Where the records appear below, transcribe them exactly, leaving none out.

Entries shown -
========================

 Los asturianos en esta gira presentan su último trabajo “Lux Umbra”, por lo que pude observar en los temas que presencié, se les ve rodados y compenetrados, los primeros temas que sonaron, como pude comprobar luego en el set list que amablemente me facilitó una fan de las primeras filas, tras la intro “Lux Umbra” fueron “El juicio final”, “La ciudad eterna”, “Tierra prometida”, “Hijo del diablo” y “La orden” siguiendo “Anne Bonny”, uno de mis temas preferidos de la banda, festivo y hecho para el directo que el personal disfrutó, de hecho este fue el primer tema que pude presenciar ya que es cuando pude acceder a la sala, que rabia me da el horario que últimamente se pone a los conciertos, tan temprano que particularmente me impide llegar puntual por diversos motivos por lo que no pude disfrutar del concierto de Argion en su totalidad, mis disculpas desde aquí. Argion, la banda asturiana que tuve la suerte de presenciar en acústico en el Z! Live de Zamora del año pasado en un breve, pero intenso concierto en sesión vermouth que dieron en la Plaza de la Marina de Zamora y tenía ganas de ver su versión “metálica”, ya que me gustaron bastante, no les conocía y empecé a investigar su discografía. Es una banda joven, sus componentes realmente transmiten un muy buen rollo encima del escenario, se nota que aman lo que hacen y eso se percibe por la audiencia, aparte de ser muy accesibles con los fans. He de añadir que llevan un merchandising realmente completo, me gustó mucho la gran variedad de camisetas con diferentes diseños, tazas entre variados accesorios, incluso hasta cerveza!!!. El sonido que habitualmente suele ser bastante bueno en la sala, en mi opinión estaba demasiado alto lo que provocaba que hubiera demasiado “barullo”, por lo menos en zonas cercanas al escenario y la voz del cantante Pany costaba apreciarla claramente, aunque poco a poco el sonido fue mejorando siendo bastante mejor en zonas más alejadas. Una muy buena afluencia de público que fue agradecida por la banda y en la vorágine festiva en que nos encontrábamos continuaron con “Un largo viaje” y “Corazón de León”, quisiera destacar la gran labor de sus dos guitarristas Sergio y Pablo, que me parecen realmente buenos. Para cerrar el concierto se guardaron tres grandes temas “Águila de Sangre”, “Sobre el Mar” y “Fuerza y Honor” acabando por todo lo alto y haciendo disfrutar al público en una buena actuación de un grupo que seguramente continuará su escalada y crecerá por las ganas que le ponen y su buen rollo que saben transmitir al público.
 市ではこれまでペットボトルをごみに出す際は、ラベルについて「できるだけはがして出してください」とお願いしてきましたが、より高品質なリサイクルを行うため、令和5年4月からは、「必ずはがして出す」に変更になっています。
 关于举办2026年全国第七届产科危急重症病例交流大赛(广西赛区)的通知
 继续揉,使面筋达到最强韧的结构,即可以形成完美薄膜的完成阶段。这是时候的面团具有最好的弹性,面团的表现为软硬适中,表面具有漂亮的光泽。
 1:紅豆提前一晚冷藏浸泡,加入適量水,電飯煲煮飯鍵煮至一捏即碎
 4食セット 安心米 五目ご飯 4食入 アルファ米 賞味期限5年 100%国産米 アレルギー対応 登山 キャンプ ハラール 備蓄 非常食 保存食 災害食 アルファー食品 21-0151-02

========================

Output -
 Los asturianos en esta gira presentan su último trabajo “Lux Umbra”, por lo que pude observar en los temas que presencié, se les ve rodados y compenetrados, los primeros temas que sonaron, como pude comprobar luego en el set list que amablemente me facilitó una fan de las primeras filas, tras la intro “Lux Umbra” fueron “El juicio final”, “La ciudad eterna”, “Tierra prometida”, “Hijo del diablo” y “La orden” siguiendo “Anne Bonny”, uno de mis temas preferidos de la banda, festivo y hecho para el directo que el personal disfrutó, de hecho este fue el primer tema que pude presenciar ya que es cuando pude acceder a la sala, que rabia me da el horario que últimamente se pone a los conciertos, tan temprano que particularmente me impide llegar puntual por diversos motivos por lo que no pude disfrutar del concierto de Argion en su totalidad, mis disculpas desde aquí. Argion, la banda asturiana que tuve la suerte de presenciar en acústico en el Z! Live de Zamora del año pasado en un breve, pero intenso concierto en sesión vermouth que dieron en la Plaza de la Marina de Zamora y tenía ganas de ver su versión “metálica”, ya que me gustaron bastante, no les conocía y empecé a investigar su discografía. Es una banda joven, sus componentes realmente transmiten un muy buen rollo encima del escenario, se nota que aman lo que hacen y eso se percibe por la audiencia, aparte de ser muy accesibles con los fans. He de añadir que llevan un merchandising realmente completo, me gustó mucho la gran variedad de camisetas con diferentes diseños, tazas entre variados accesorios, incluso hasta cerveza!!!. El sonido que habitualmente suele ser bastante bueno en la sala, en mi opinión estaba demasiado alto lo que provocaba que hubiera demasiado “barullo”, por lo menos en zonas cercanas al escenario y la voz del cantante Pany costaba apreciarla claramente, aunque poco a poco el sonido fue mejorando siendo bastante mejor en zonas más alejadas. Una muy buena afluencia de público que fue agradecida por la banda y en la vorágine festiva en que nos encontrábamos continuaron con “Un largo viaje” y “Corazón de León”, quisiera destacar la gran labor de sus dos guitarristas Sergio y Pablo, que me parecen realmente buenos. Para cerrar el concierto se guardaron tres grandes temas “Águila de Sangre”, “Sobre el Mar” y “Fuerza y Honor” acabando por todo lo alto y haciendo disfrutar al público en una buena actuación de un grupo que seguramente continuará su escalada y crecerá por las ganas que le ponen y su buen rollo que saben transmitir al público.
 市ではこれまでペットボトルをごみに出す際は、ラベルについて「できるだけはがして出してください」とお願いしてきましたが、より高品質なリサイクルを行うため、令和5年4月からは、「必ずはがして出す」に変更になっています。
 关于举办2026年全国第七届产科危急重症病例交流大赛(广西赛区)的通知
 继续揉,使面筋达到最强韧的结构,即可以形成完美薄膜的完成阶段。这是时候的面团具有最好的弹性,面团的表现为软硬适中,表面具有漂亮的光泽。
 1:紅豆提前一晚冷藏浸泡,加入適量水,電飯煲煮飯鍵煮至一捏即碎
 4食セット 安心米 五目ご飯 4食入 アルファ米 賞味期限5年 100%国産米 アレルギー対応 登山 キャンプ ハラール 備蓄 非常食 保存食 災害食 アルファー食品 21-0151-02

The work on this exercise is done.